Pour pénétrer le monde de Terrence Malick, je préconise de découvrir son Nouveau Monde d'abord. Tout y est, déjà, de ce qu'il portera à son ultime apogée dans Tree of life. Son Nouveau Monde est plus accessible, plus narratif, moins hermétique peut-être. C'est l'histoire de Pocahontas, même si l'on ne découvre son nom que dans le générique de fin. Elle incarne toute la saveur de ce film époustouflant : de cette nature originelle et verdoyante qui l'a vue naître et qui lui a constitué un berceau, elle a la beauté, la pureté, l'absolu, l'innocence mais aussi la force, l'abnégation, une quasi-immortalité pourrait-on dire. L'actrice crève l'écran, pose sur tous les plans une poésie infinie, une profondeur ésotérique autant que terrienne...

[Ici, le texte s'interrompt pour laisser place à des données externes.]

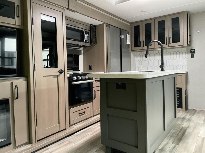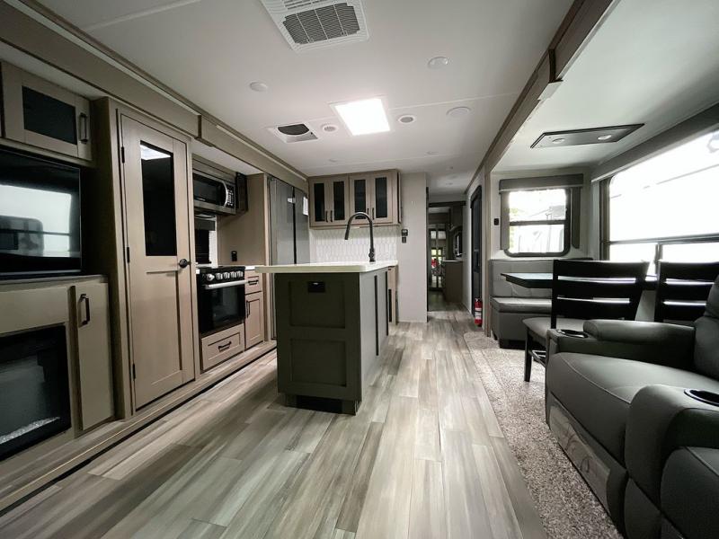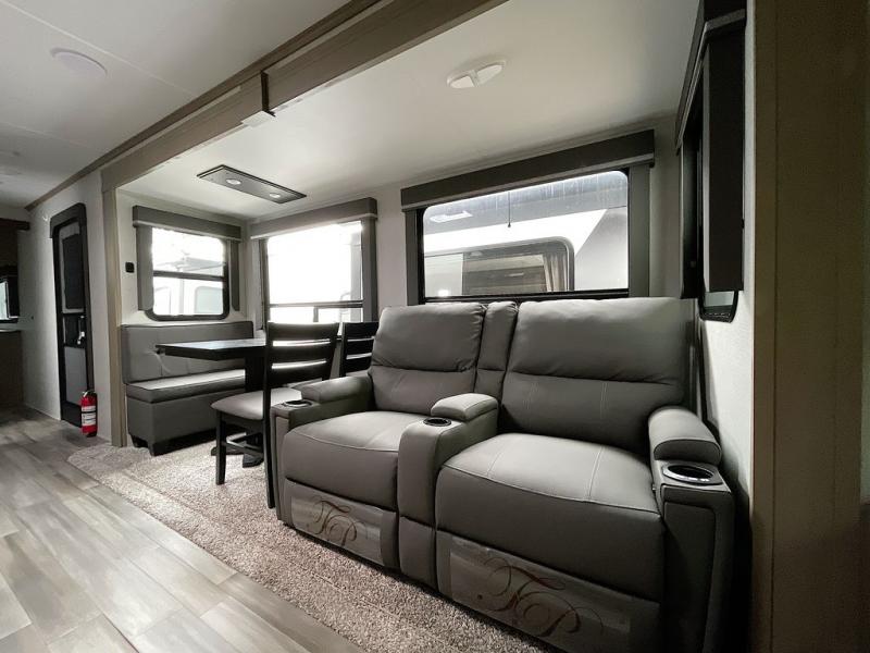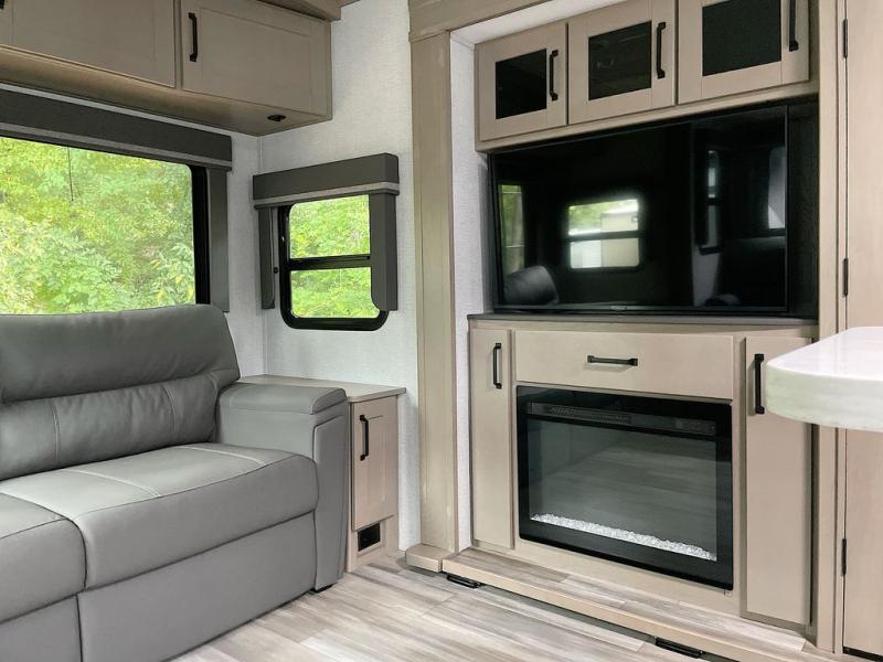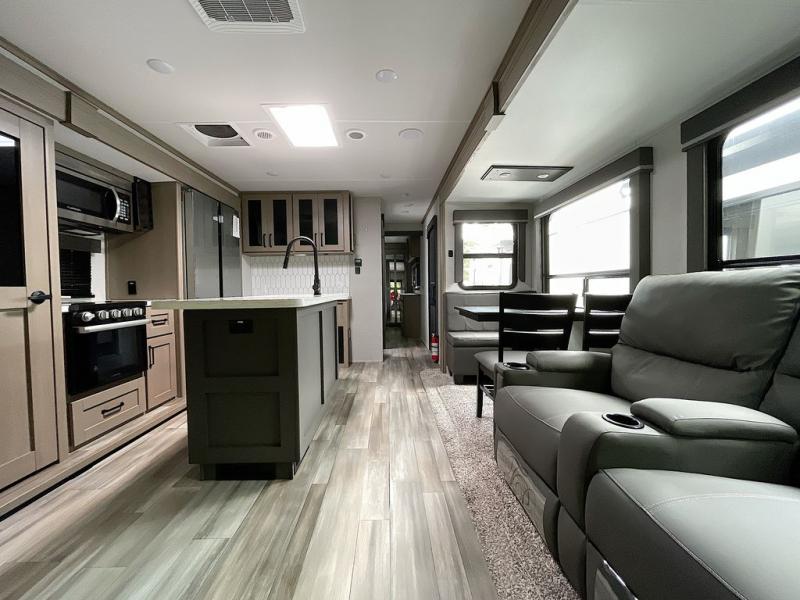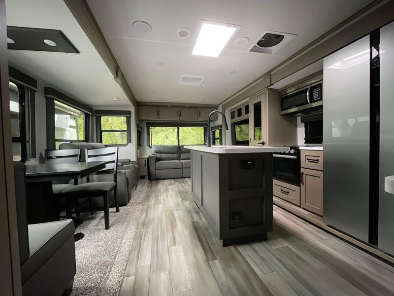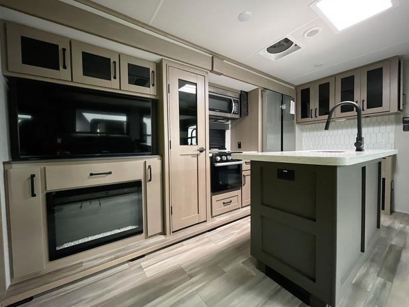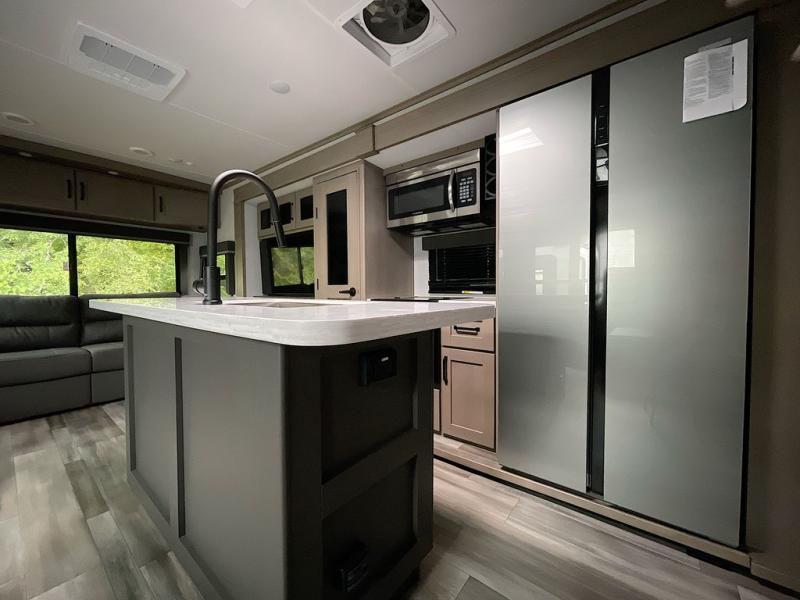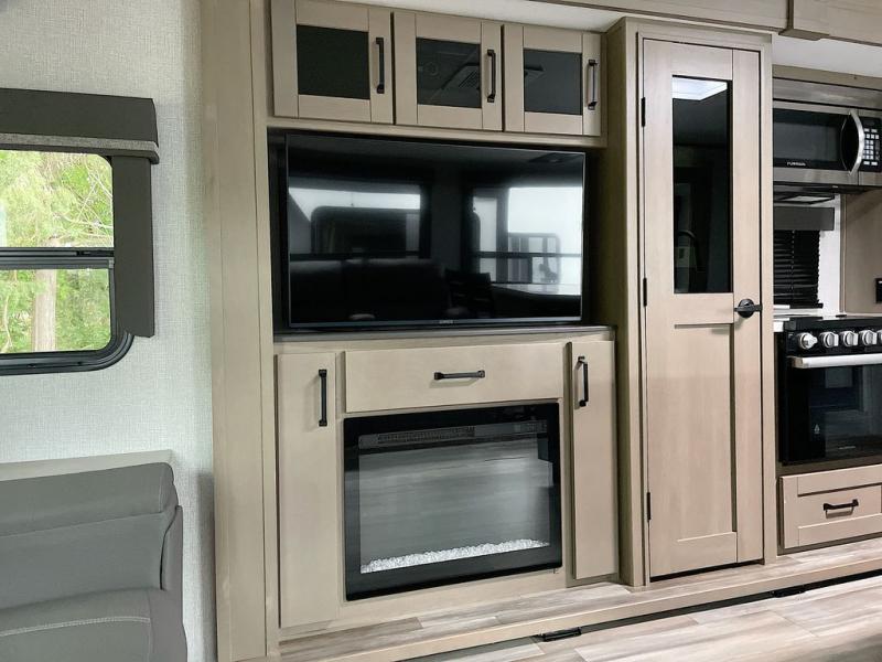 The chef of the group will love the gourmet kitchen including the 16 cu. ft. refrigerator that will hold lots of cold ingredients, beverages and leftovers, the center island when preparing and serving meals, and the hutch with overhead cabinets to display and store dishes and such. This area also includes two slide outs for more floor space and furniture to relax on including theatre seating with cupholders for your drinks, a booth dinette to dine at and work from or choose a free standing dinette option, and a rear tri-fold sofa that offers sleeping space for two at night. There is a 40" LED HDTV with fireplace below to enjoy while inside, plus there are two awnings outdoors to relax under. When you are ready to call it a night, get cleaned up in the full bathroom, and retire to your front bedroom with a slide out queen bed or choose a king option, a front full-wall wardrobe with washer/dryer prep, a dresser and an additional wardrobe with drawers.
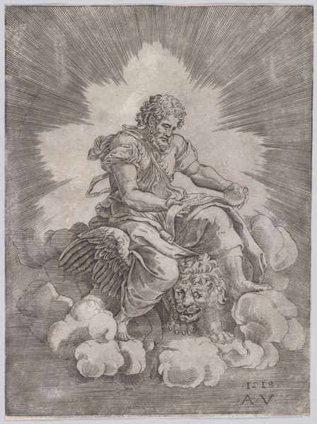 Agostino Veneziano created this engraving of Saint Matthew in the early 16th century, now held at the Metropolitan Museum of Art. The composition is dominated by the figure of Saint Matthew, robust and draped, accompanied by an angel, both seated on voluminous clouds. An intense burst of light emanates from above, accentuating the scene's divine nature. Consider how Veneziano employs line and texture to articulate form and space. Notice the fine, dense lines that define the figures and the cloud formations, creating a tactile sense of volume. The lines not only describe shape but also construct a semiotic system, where light and shadow represent divine presence and earthly form. The contrast between the solid, grounded figure of Matthew and the ethereal quality of the clouds and light destabilizes the boundary between the sacred and the tangible. The work invites us to consider how visual elements contribute to meaning. The sharp lines and stark contrasts are not merely descriptive, but engage with broader philosophical inquiries into perception, representation, and the very nature of belief. It challenges any fixed interpretation, encouraging a continuous process of re-evaluation.
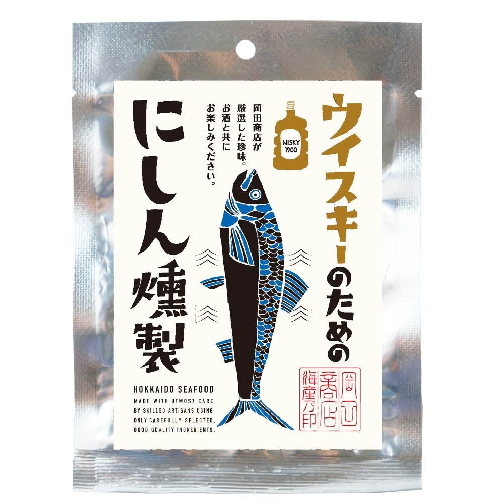 「にしん燻製」は、脂がおいしいにしんを燻製にし、一口サイズにカットしました。「にしん」特有の旨味のある脂と燻製の香りをウイスキーとともにお楽しみください。
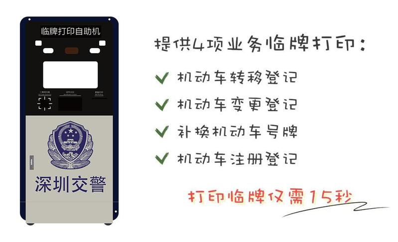在深圳市车管所预约办理业务后,还可通过临牌打印机,现场自助打印临牌。
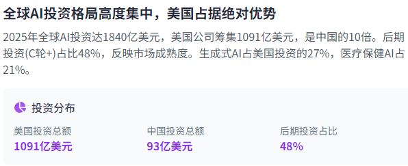 次要由于AI手艺正在诊断、个性化医治和临床决策支撑方面的庞大潜力。激发了美国圈的担心,例如大型模子锻炼和复杂推理使命。占比42%。2025年,这种合作将影响全球AI成长的速度和标的目的,但其决策过程的通明度和可注释性也正在逐渐改善。2025年AI公司筹集了跨越1091亿美元。
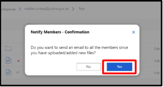 Once the upload is complete, it will appear in the workspace. You will be asked if you want to notify members of the file/folder you have uploaded. Select Yes.
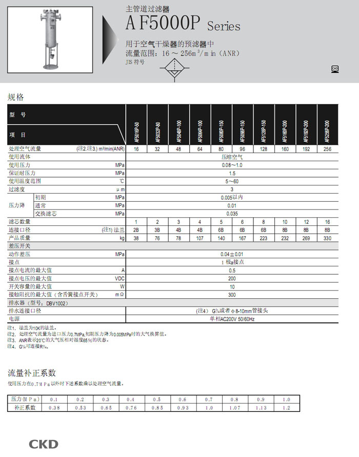 AF5016P,AF5032P,AF5048P,AF5064P,AF5080P,AF5096P,AF5128P,AF5160P,AF5192P,AF5256P,CKD主管道過(guò)濾器

Ainsi que me le faisait si justement remarquer Monsieur Caouic, une fois la télé éteinte et mes larmes d'émotion séchées - par ses soins attentionnés - ce Nouveau Monde est multiple : c'est celui, dur et hostile, des colons américains à la recherche des Indes ; c'est celui que découvrent les Indiens qui ne connaissaient pas jusqu'alors la cupidité, la possession, le mensonge ; c'est la passion dévorante que découvre Pocahontas/la Princesse qui la fera bannir de son village, des siens ; c'est celui dans lequel s'engage le capitaine Smith (un patronyme extrêmement commun) dans la route des Indes, dans l'ambition que lui permet l'époque, dans le rêve éveillé qui se joue dans une forêt des origines mais auquel il tournera le dos ; c'est enfin, encore pour la Princesse, le chemin d'amour construit jour après jour avec son mari qu'elle épouse d'abord par devoir après lui avoir demandé s'il était gentil, puis dont elle découvre l'exceptionnelle qualité humaine vers la fin du film. Il a rassemblé les conditions pour qu'elle revoie son bel amant disparu, mais cette entrevue lui fait réaliser que la passion n'est plus, qu'elle peut vivre autre chose de plus pérenne et constructif, de plus tangible et réel avec son époux dont elle devient aussitôt amoureuse... Elle accourt vers son mari qui se morfond, prend son bras puis glisse sa main dans la sienne, l'appelle "Mon mari" dans un sourire éblouissant. Ce moment est d'une grâce infinie, d'une émotion indicible. Elle sait précisément à ce moment ce qu'est l'amour, elle tourne la page de la passion juvénile et est prête pour la sérénité d'une histoire à écrire à deux dans le respect et l'admiration mutuelles. J'ai dû grandir et mûrir moi aussi, pour aujourd'hui être tellement touchée par cette seconde histoire d'amour et plus par la première du film...
Une phrase restait en moi pourtant : lorsqu'on lui annonce la mort de son bel amant le capitaine Smith, elle touche le fond. De la plus éclatante manière. Dans l'humilité du désespoir elle reste admirable... Elle se dit (les voix off sont une caractéristique des films de Terrence Malick) : "Tu es parti avec toute ma vie, tu as tué le dieu en moi". Tu as tué le dieu en moi. Oh mon dieu... C'est exactement ça. Comment croire, pourtant, que ce dieu est bel et bien mort ? Une illusion ? Une renaissance postérieure ? Une méprise sur la véritable essence de ce dieu intime ?
Je ne sais toujours pas, mais je continue de réfléchir, comme après le visionnage sensible de tous les films de Malick. Je serai encore pour quelques jours mentalement dans des herbes folles, contre le tronc d'un arbre centenaire ou dans une rivière fraîche jusqu'aux genoux, à dessiner avec mes bras et mes mains des hommages à mère Nature...
Et puis une autre citation du film, dans la bouche cette fois de l'Américaine qui a en charge l'éducation de la jeune Princesse avant qu'elle ne soit baptisée Rebecca : elle coiffe ses cheveux et, dans ce moment d'intimité féminine, lui explique que, comme les arbres, nous continuons à pousser vers la lumière quelles que soient les embûches du destin. Une belle image qu'on pourrait croire empruntée à l'imaginaire indien. Et pourtant... Une belle image où il est déjà question d'un arbre et de la vie... D'un arbre de vie, d'un Tree of life, quoi...
"Qui es-tu ?", s'interrogent successivement les voix off des personnages. Je suis celle qui est passée d'un monde à l'autre, à l'extérieur et à l'intérieur.